ACTION ITEM: Give back the listing in full and exactly, leaving out the images.

SUPPLIED INFORMATION:
§

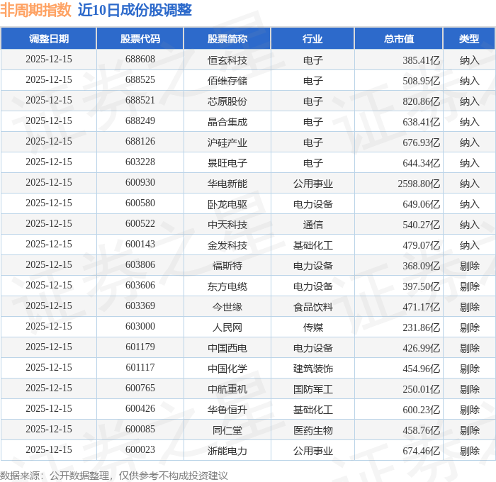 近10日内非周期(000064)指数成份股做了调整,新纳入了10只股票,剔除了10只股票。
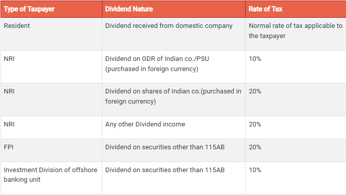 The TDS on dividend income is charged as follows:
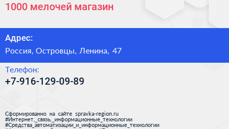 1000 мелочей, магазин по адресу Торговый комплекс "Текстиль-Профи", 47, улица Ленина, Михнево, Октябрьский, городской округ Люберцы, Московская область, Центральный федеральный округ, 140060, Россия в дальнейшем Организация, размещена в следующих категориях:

§

OUTPUT BELOW:
 近10日内非周期(000064)指数成份股做了调整,新纳入了10只股票,剔除了10只股票。
 The TDS on dividend income is charged as follows:
 1000 мелочей, магазин по адресу Торговый комплекс "Текстиль-Профи", 47, улица Ленина, Михнево, Октябрьский, городской округ Люберцы, Московская область, Центральный федеральный округ, 140060, Россия в дальнейшем Организация, размещена в следующих категориях:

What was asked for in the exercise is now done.